The Omni Homestead Resort is a luxury resort in Hot Springs, Virginia, United States, in the middle of the Allegheny Mountains.  The area has the largest hot springs in the commonwealth, and the resort is also known for its championship golf courses, which have hosted several national tournaments.  The resort also includes an alpine ski resort; founded in 1959, it is the oldest in Virginia.  The resort has been designated a National Historic Landmark; it has a history extending more than two and a half centuries. The Omni Homestead Resort is a member of Historic Hotels of America the official program of the National Trust for Historic Preservation.

History

In 1766, Thomas Bullitt built a lodge on the site, which is considered the founding of The Homestead. In 1832, Dr.
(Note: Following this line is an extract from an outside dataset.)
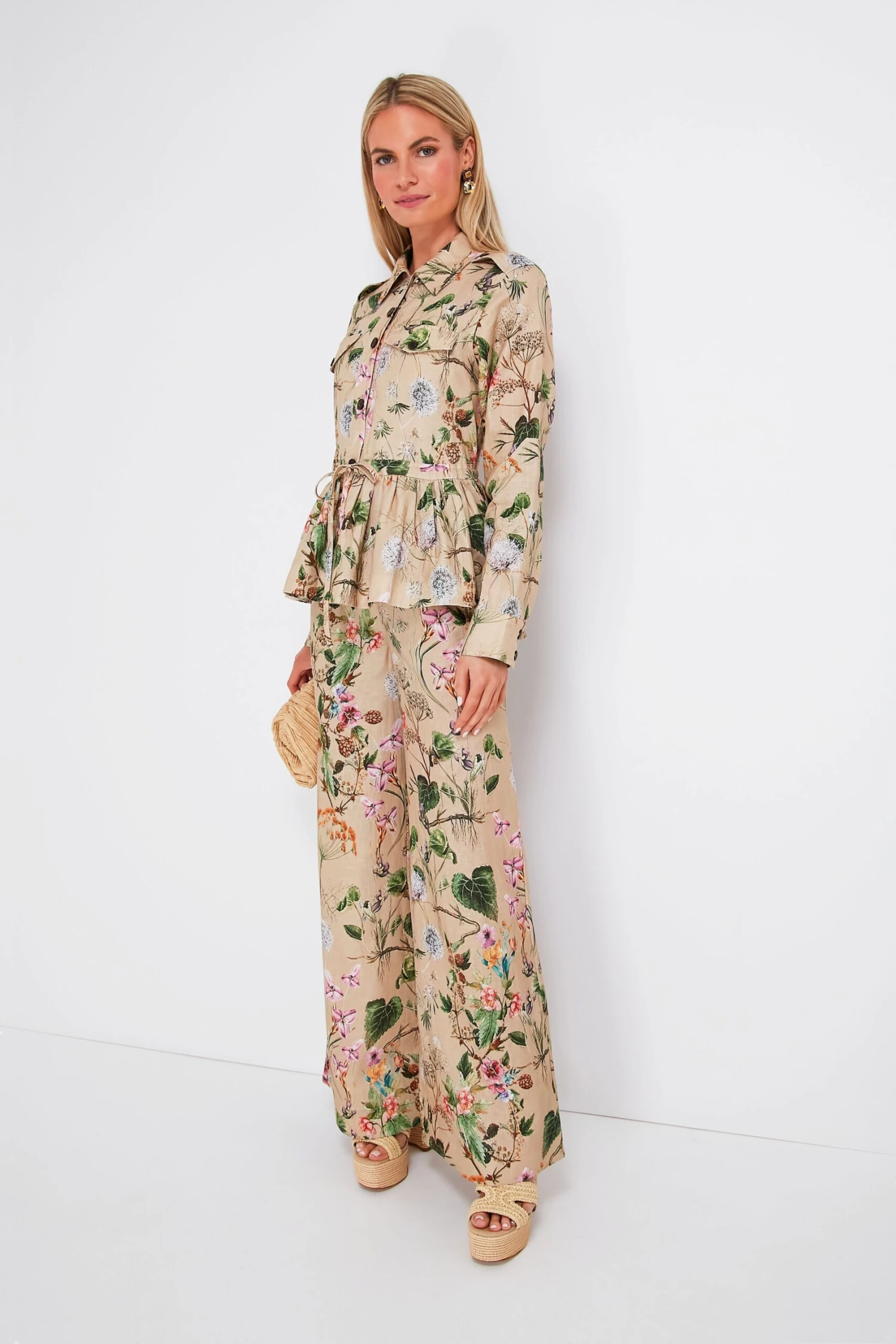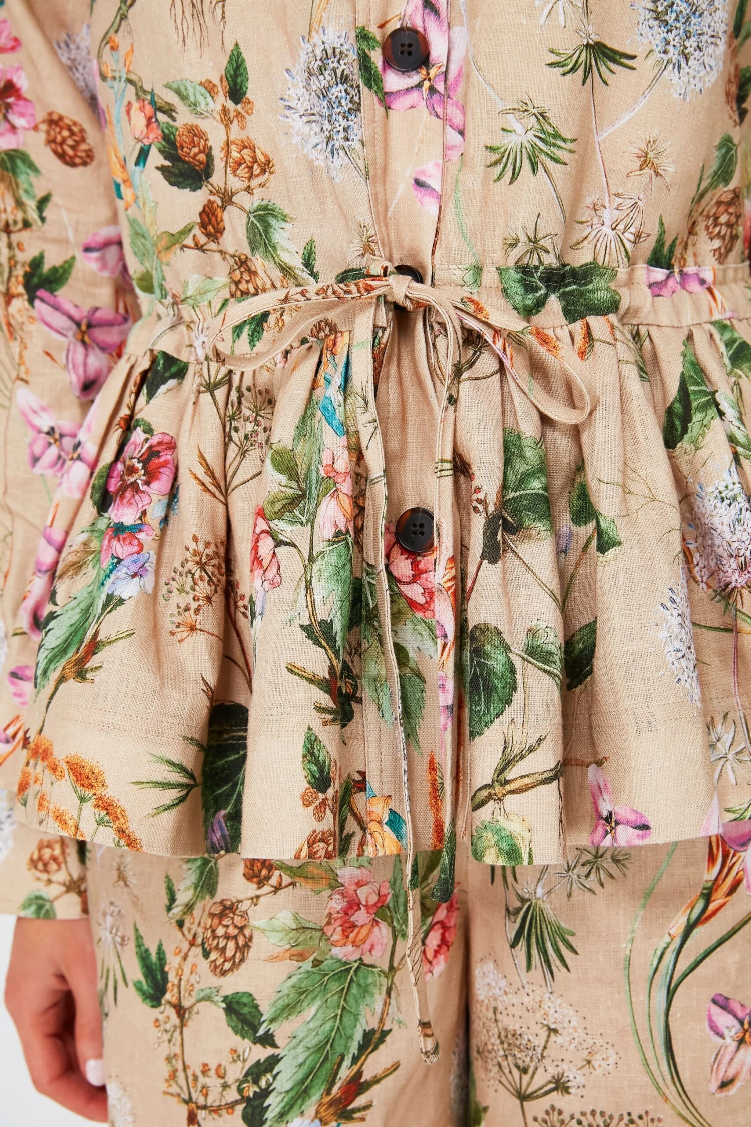 Go for a touch of daytime drama in the Whimsical Khaki Cory Jacket. In a neutral colorway with muted florals, this effortlessly feminine silhouette features a sophisticated point collar, a front placket with contrast buttons, and a flirty high-low peplum hem that can be exaggerated by pulling the drawstring waist. Cut from breezy linen, this unique layer can be paired with the matching pants for a cohesive look or worn over a basic tee to take things up a notch.
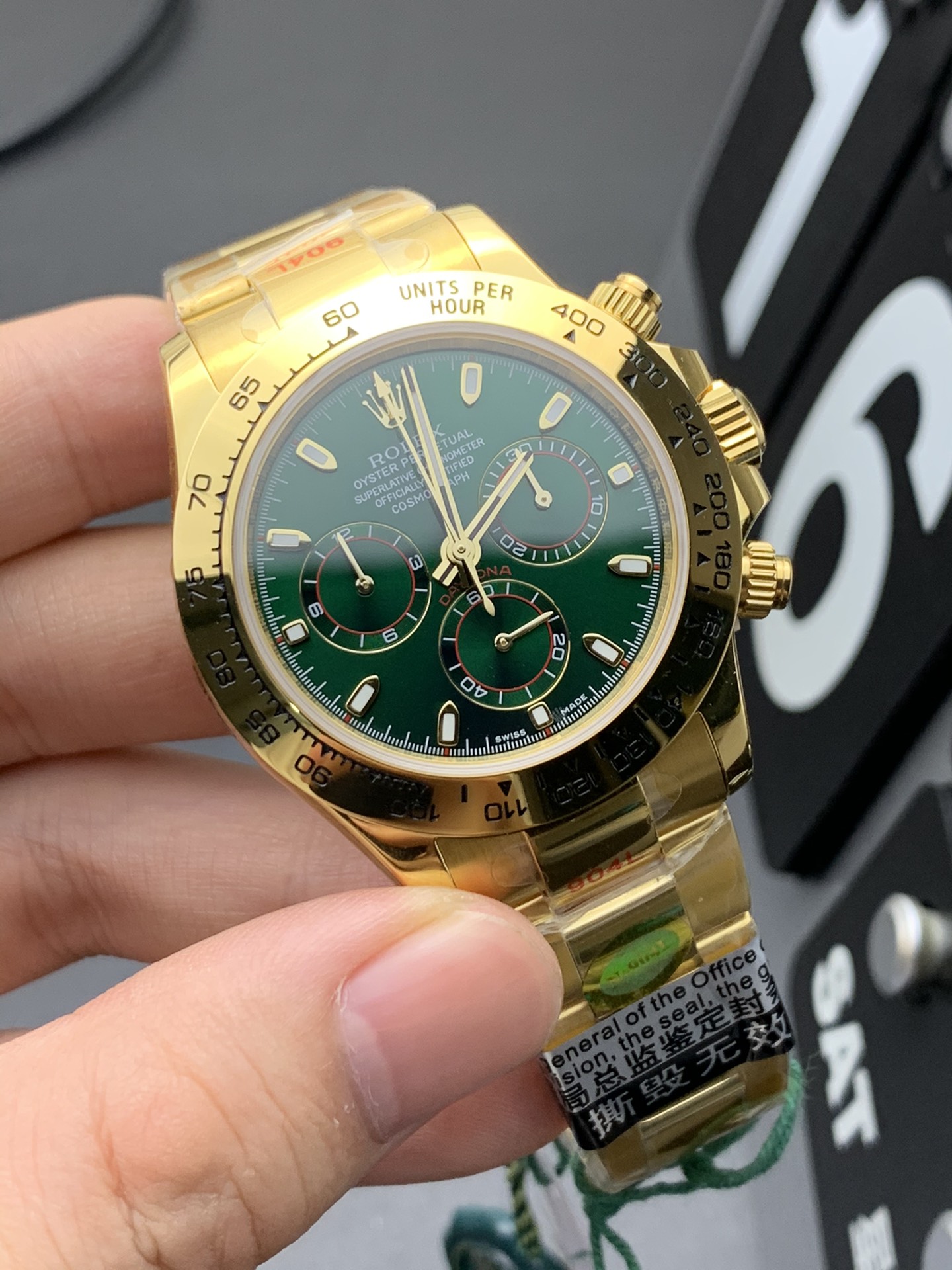 超A仿品劳力士宇宙计型迪通拿全金绿盘计时腕表

Thomas Goode purchased the land from the Bullitt family and expanded the medical therapies, establishing a European style of spa treatment and hydrotherapy. It has hosted vacationers ever since, including twenty-three U.S. presidents.
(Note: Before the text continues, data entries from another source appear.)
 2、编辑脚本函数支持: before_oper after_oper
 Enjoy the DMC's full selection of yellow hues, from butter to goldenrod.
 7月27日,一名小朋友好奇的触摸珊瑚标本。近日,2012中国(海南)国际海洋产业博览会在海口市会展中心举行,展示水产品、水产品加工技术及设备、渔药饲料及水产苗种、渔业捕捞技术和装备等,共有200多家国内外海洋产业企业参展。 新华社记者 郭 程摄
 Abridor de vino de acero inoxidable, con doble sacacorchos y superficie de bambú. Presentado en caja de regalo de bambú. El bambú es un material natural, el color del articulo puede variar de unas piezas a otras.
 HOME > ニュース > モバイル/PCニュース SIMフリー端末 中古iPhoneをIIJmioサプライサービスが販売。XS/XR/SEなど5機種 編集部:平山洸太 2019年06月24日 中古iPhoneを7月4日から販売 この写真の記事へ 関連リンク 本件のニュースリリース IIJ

The modern resort dates from 1888–1892, when a group of investors headed by J. P. Morgan bought the business and started rebuilding it from the ground up.  The original hotel buildings burned down in 1901 caused by a fire in the bakery. The main Homestead hotel was constructed afterwards, one wing a year, with the main lobby reconstructed in 1902.

Many American Presidents and influential people were Homestead guests. William Howard Taft spent July and August, 1908 at the Homestead, working and relaxing before the final campaign push, as did outgoing President Theodore Roosevelt, for a short period of time. Other notable guests included cartoonist Carl E. Schultze of Foxy Grandpa fame.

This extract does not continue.